● Instructions to follow:
What is needed is an exact copy of the lines in the entries below from the one holding "전원 커넥터 전원 스위치TUF GAMING PSU52" through the one holding "- Certified Human", pictures excluded.

● Records supplied:
=== Section Start ===

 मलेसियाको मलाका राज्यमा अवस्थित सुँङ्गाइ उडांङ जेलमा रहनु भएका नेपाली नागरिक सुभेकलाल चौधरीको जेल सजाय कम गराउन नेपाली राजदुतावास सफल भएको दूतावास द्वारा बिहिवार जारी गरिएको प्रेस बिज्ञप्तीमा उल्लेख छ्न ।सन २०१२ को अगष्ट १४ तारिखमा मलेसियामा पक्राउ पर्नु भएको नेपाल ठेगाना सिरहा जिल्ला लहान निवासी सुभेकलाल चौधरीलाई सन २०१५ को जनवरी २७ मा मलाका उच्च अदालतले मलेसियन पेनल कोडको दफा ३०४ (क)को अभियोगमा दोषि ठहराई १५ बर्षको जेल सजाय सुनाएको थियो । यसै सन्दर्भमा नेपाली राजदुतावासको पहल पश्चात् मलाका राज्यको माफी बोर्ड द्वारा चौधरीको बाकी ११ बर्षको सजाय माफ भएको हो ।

=== Section End ===
=== Section Start ===

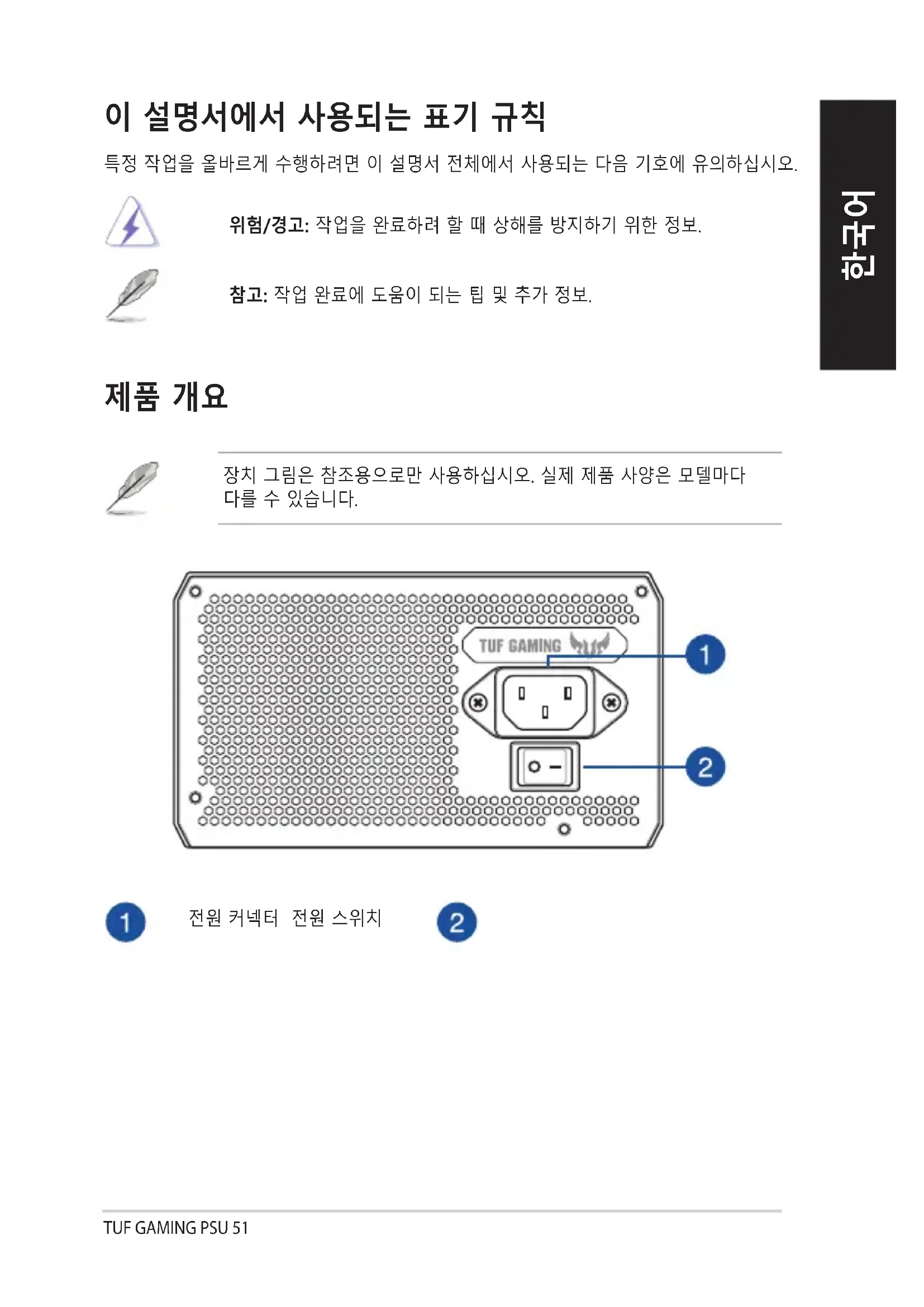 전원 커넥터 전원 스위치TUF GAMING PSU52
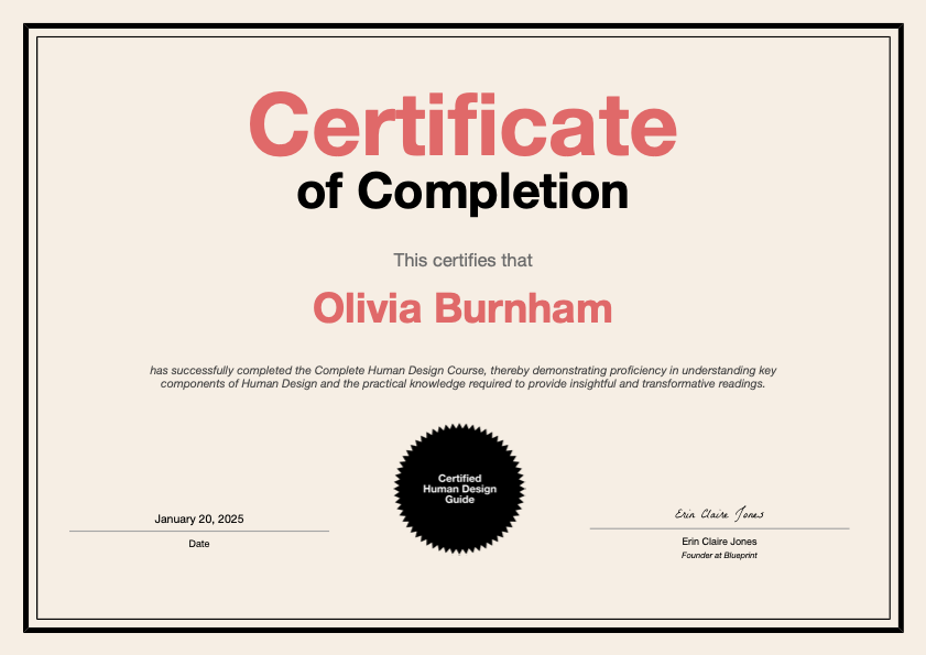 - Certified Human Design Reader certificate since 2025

=== Section End ===
=== Section Start ===

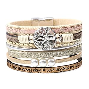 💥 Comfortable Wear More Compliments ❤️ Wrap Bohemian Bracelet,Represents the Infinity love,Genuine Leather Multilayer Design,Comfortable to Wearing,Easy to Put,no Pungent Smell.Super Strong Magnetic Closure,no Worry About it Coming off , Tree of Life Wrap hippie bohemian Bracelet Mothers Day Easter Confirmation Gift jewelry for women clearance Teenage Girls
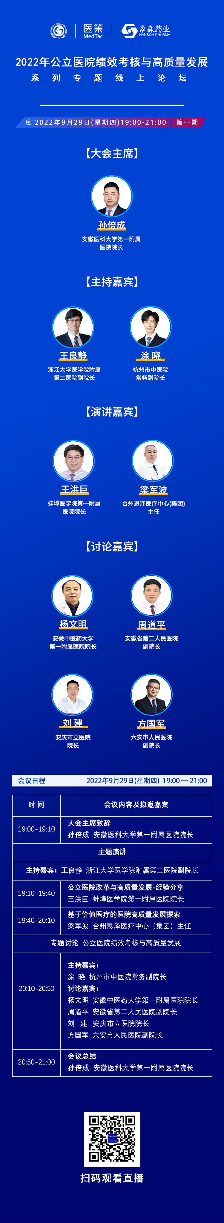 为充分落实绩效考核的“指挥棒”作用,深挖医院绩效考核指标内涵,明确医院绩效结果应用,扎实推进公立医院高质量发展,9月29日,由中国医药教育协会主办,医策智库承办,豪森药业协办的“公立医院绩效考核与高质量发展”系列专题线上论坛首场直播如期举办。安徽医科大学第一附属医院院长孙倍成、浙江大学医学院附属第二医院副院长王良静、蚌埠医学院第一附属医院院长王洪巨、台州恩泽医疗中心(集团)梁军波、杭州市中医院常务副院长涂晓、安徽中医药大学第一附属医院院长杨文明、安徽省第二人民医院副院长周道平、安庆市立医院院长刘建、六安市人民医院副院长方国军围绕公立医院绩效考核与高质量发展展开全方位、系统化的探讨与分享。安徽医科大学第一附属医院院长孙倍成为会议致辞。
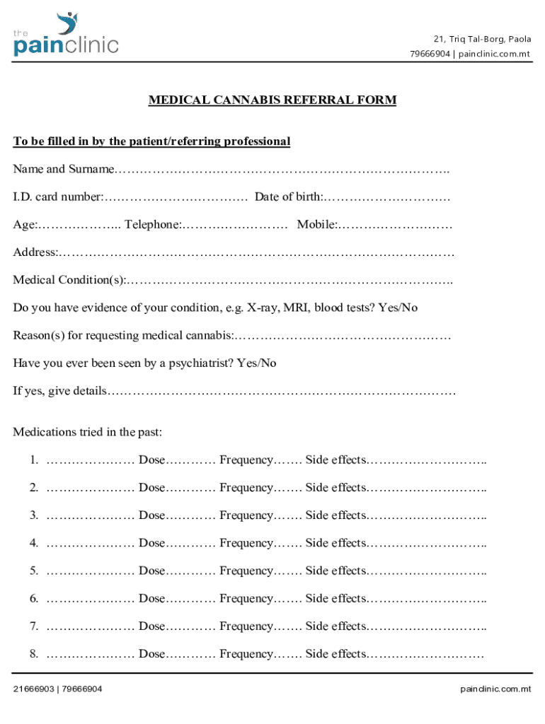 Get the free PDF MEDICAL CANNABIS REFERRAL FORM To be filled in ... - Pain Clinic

=== Section End ===

● Expected output:
 전원 커넥터 전원 스위치TUF GAMING PSU52
 - Certified Human Design Reader certificate since 2025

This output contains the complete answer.